The study has been conducted from 2009 and 2011 at the Pediatric Units of: University “Magna Graecia”- Catanzaro (CZ), Pugliese-Ciaccio Hospital-Catanzaro (CZ), Annunziata Hospital-Cosenza (CS), Jazzolino Hospital- ViboValentia (VV), Riuniti Hospitals- Reggio Calabria (RC) and San Giovanni di Dio Hospital- Crotone (KR). All information was collected through a questionnaire proposed to children’s parents admitted to these hospitals as out-patients or in-patients.

Results

1387 parents were approached to complete the questionnaire. 21(1,5%) refused to answer. A total of 1366 questionnaire was analyzed: 378 at CZ , 450 at CS, 131 at KR, 201 at VV and 206 at RC, with a response rate of 98,5%. In total, the percentage of children using CAM varied from 18% in Crotone to 38% in Cosenza. The parents who used CAM for their children were older and with a higher education. Phytotherapy was preferred to homeopathy.
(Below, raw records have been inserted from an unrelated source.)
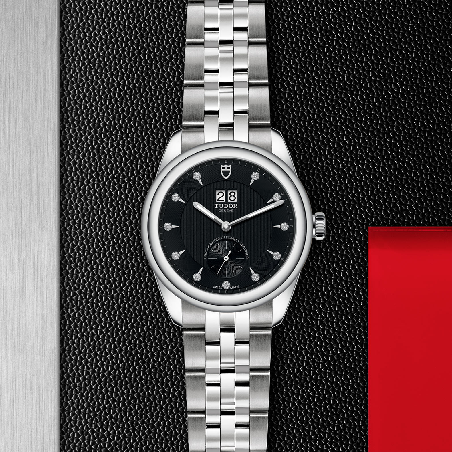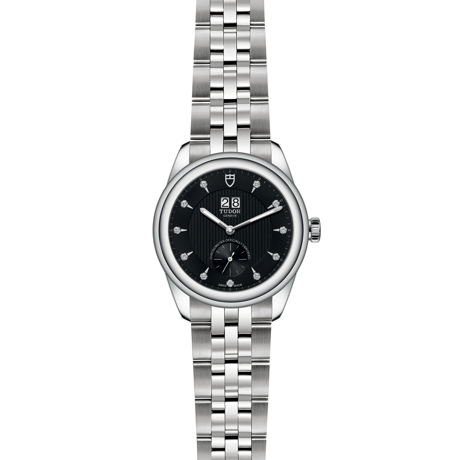 黑色配鍍銠或鍍金鐘點標記,鑲11顆鑽石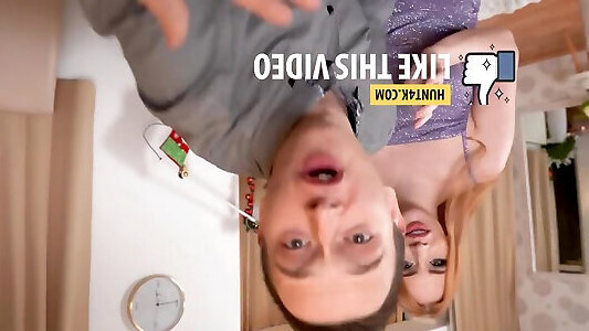 Dashing hot brunette in glasses and cute outfit gets nailed by a young stepbrother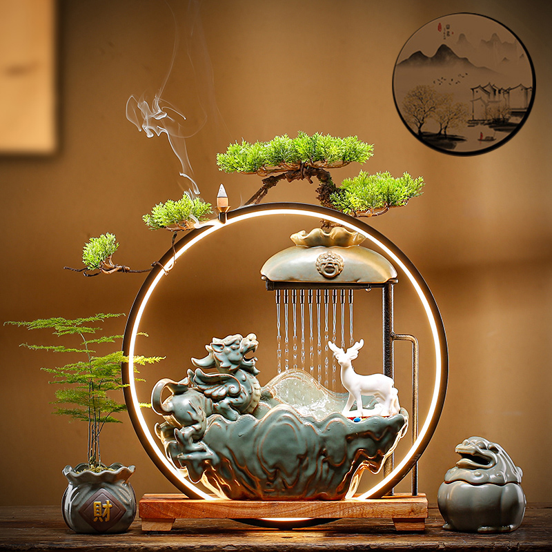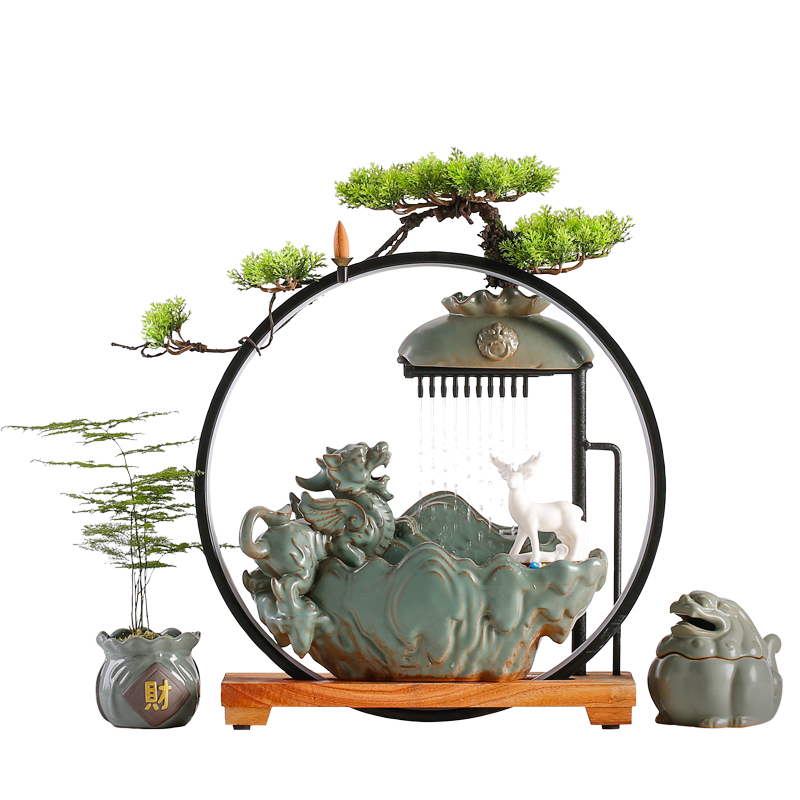 摆件貔貅创意办公室陶瓷加湿器礼品流水客厅生财家居喷泉开业招财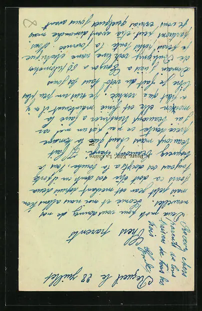 Personenbezogene Daten auf der Rückseite der Karte wurden durch blauen Textmarker unkenntlich gemacht. Die blauen Stellen sind auf die Vorderseite durchgeweicht und wirken sich negativ auf das Postkartenfoto aus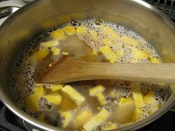 1.石けんを小さくカットし、お鍋に入れます。 |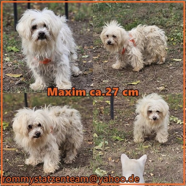Maxim, Rüde, Malteser Mischling, geboren ca. 09. September 2016 (von einem ungarischen Tierarzt geschätzt), reist kastriert, Schulterhöhe: ca. 27 cm und ca. z.Z. 3,5-4,5 Kilo (Hals: 25-29 cm, Brust: 41-45 cm), Vermittlung zu Katzen: ja, wenn diese das Leben mit Hunden kennen. Auf Wunsch wird auch extra nochmals getestet, nur eine Garantie gibt es nicht.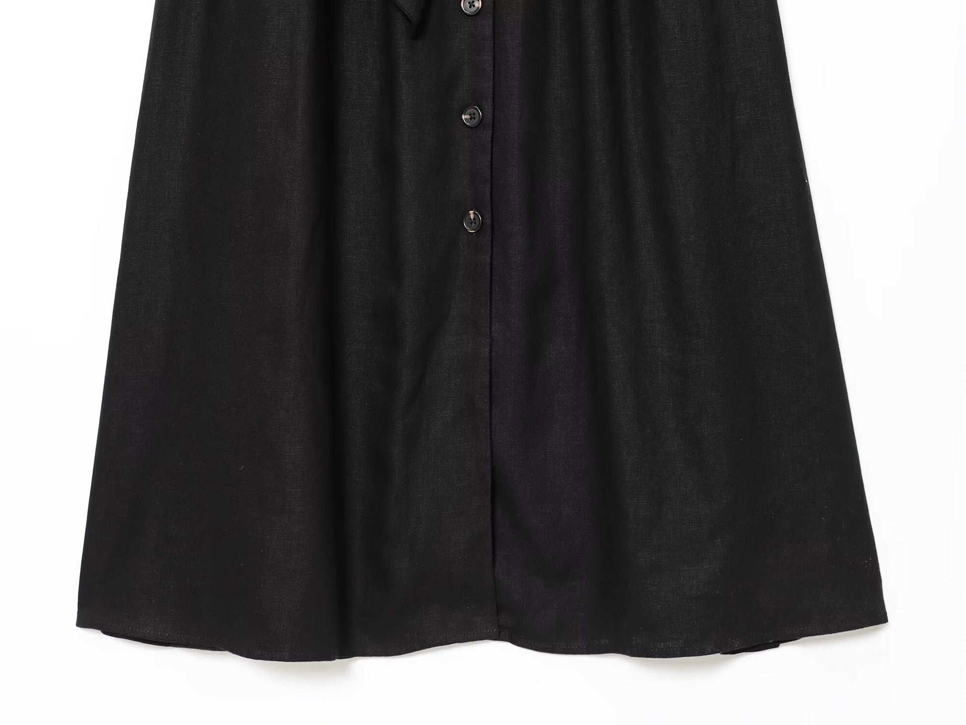 Women's New Fashion With Belt Sleeveless V-neck Linen Blended Midi Dress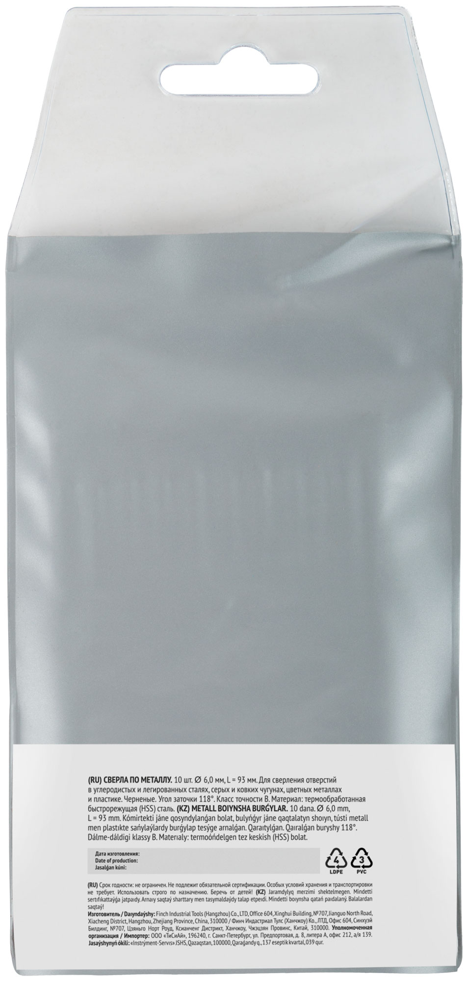 Сверла HSS черненые 6,0x93 мм для металла, 10 шт.
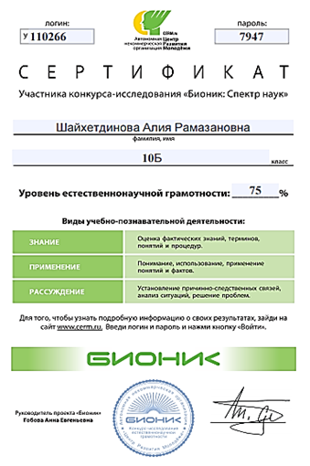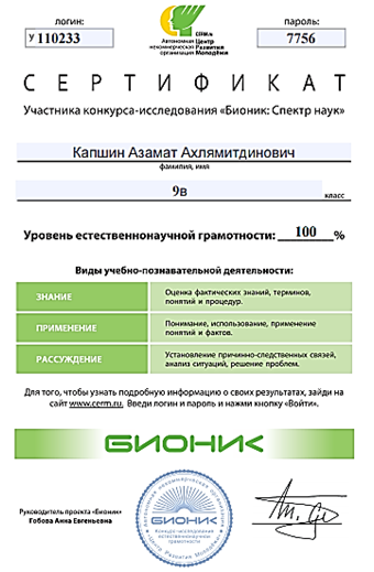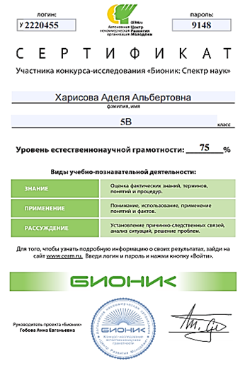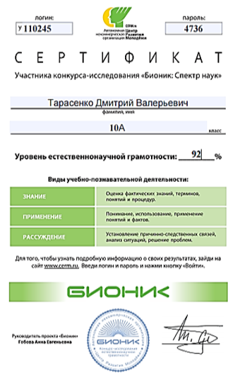 Сертификаты участия учащихся в конкурсе-исследовании «Бионик: Спектр наук», определяющем уровень естественно-научной грамотности школьников. 2017-2018 год.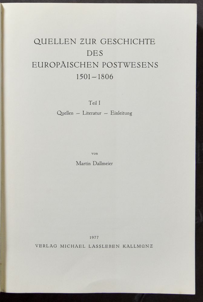 Europäischen Postwesens 1501-1806, Teil 1 + 2; Martin Dallmeier; Verlag Lassleben Kallmünz; 1977; Printed; bound/glued; German; soft cover; in reasonable condition(Image 1)

The gastrointestinal pathologies and upper respiratory tract are those ones for which frequently parents recur to CAM. Of note we have not to disregard their use “ to strengthen” the immune system. In most of cases CAM have been prescribed by pediatrician.

Conclusions

Our study remarks that the use of CAM is increased dramatically among the calabrian children in the last years as well as in other countries. Pediatricians need to improve their knowledge about CAM in order to better manage the parental attitude.